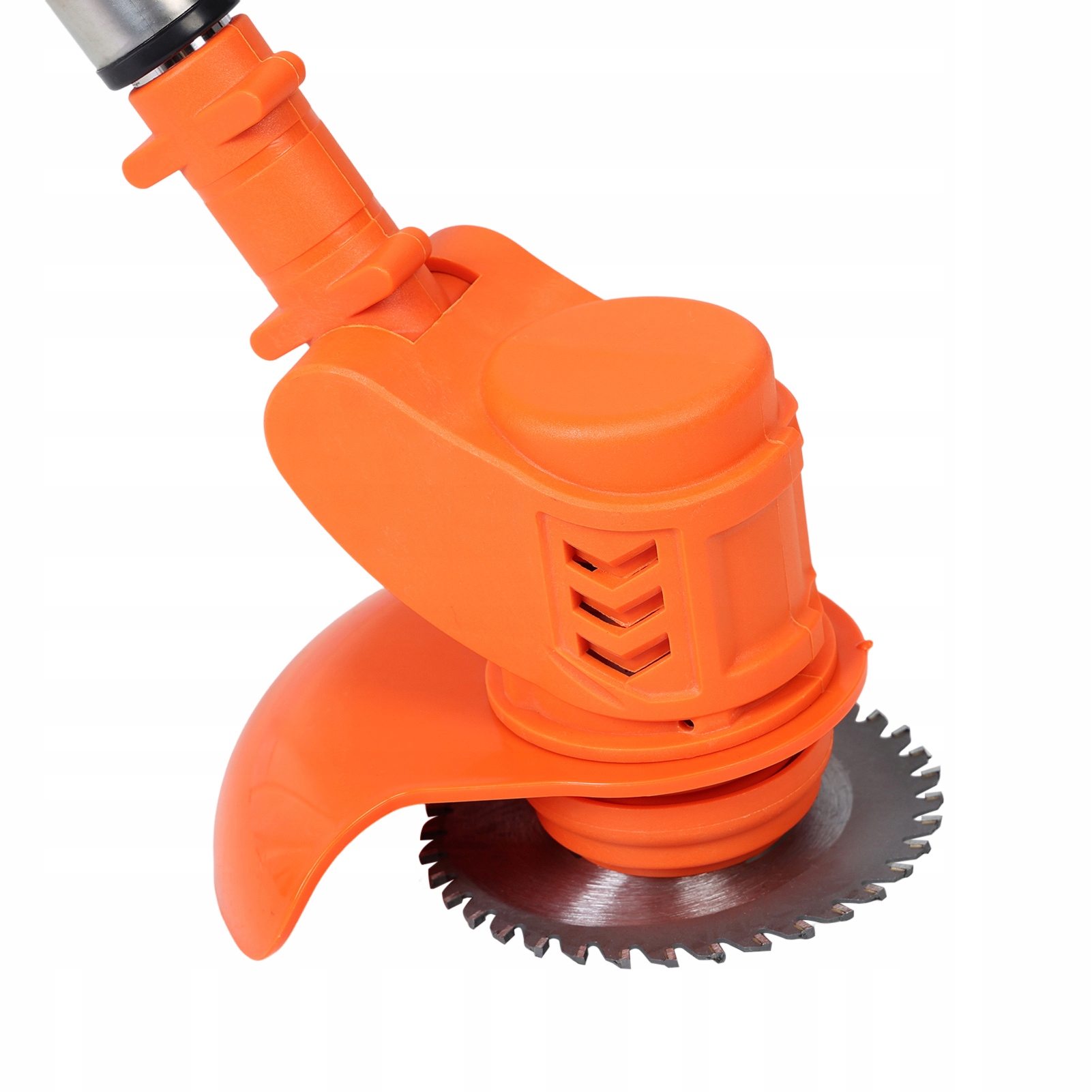 порівняно цей бездротовий тример відноситься до аналогічних моделей, доступних на ринку міцніший і міцніший. Перегородка для трави може запобігти розбризкуванню трави під час роботи косарки. Одна кнопка для регулювання робочого кута, що зручно під час косіння під деревами, в кутах стін, на краях клумб тощо
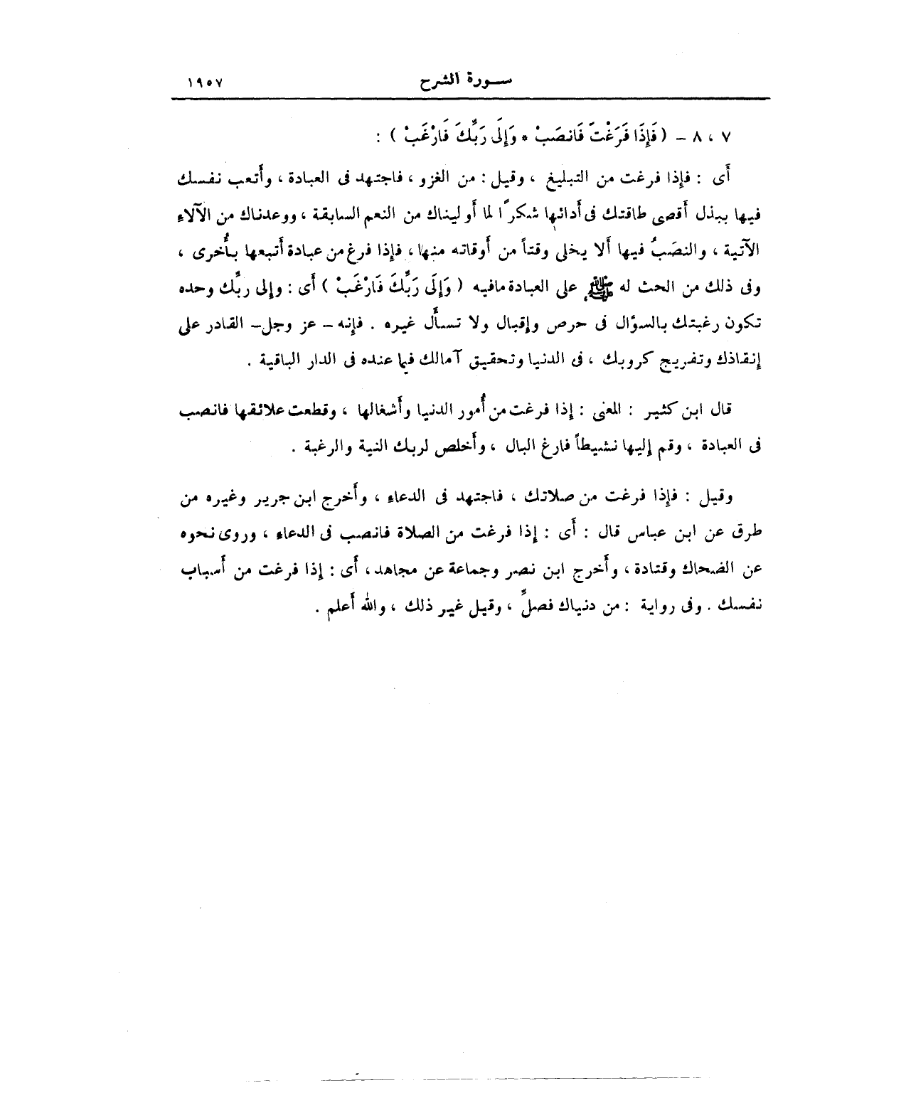 أَي: فإِذا فرغت من التبليغ، وقيل: من الغزو، فاجتهد في العبادة، وأَتعب نفسك فيها ببذل أَقصى طاقتك في أَدائها شكرًا لما أوليناك من النعم السابقة، ووعدناك من الآلاءِ الآتية، والنصَبُ فيها ألا يخلى وقتًا من أَوقاته منها، فإِذا فرغ من عبادة أَتبعها بأُخرى، وفي ذلك من الحث له صلى الله عليه وسلم على العبادة ما فيه (وَإِلَى رَبِّكَ فَارْغَبْ) أَي: وإِلى ربِّك وحده تكون رغبتك بالسؤال في حرص وإِقبال ولا تسأَل غيره. فإِنه عز وجل القادر على إِنقاذك وتفريج كروبك، في الدنيا وتحقيق آمالك فيما عنده في الدار الباقية.
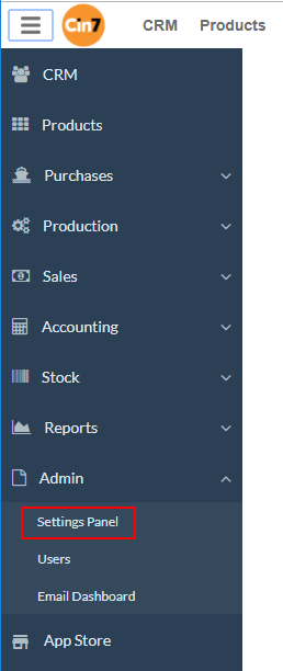 2. メニューより Admin > Settings Panel を選択します(下記の図を参照)。

Exercise: Word for word, reproduce each line from the one with "أَي: فإِذا فرغت" through the last line of the material above, both included, and drop the pictures.

Solution:
 أَي: فإِذا فرغت من التبليغ، وقيل: من الغزو، فاجتهد في العبادة، وأَتعب نفسك فيها ببذل أَقصى طاقتك في أَدائها شكرًا لما أوليناك من النعم السابقة، ووعدناك من الآلاءِ الآتية، والنصَبُ فيها ألا يخلى وقتًا من أَوقاته منها، فإِذا فرغ من عبادة أَتبعها بأُخرى، وفي ذلك من الحث له صلى الله عليه وسلم على العبادة ما فيه (وَإِلَى رَبِّكَ فَارْغَبْ) أَي: وإِلى ربِّك وحده تكون رغبتك بالسؤال في حرص وإِقبال ولا تسأَل غيره. فإِنه عز وجل القادر على إِنقاذك وتفريج كروبك، في الدنيا وتحقيق آمالك فيما عنده في الدار الباقية.
 2. メニューより Admin > Settings Panel を選択します(下記の図を参照)。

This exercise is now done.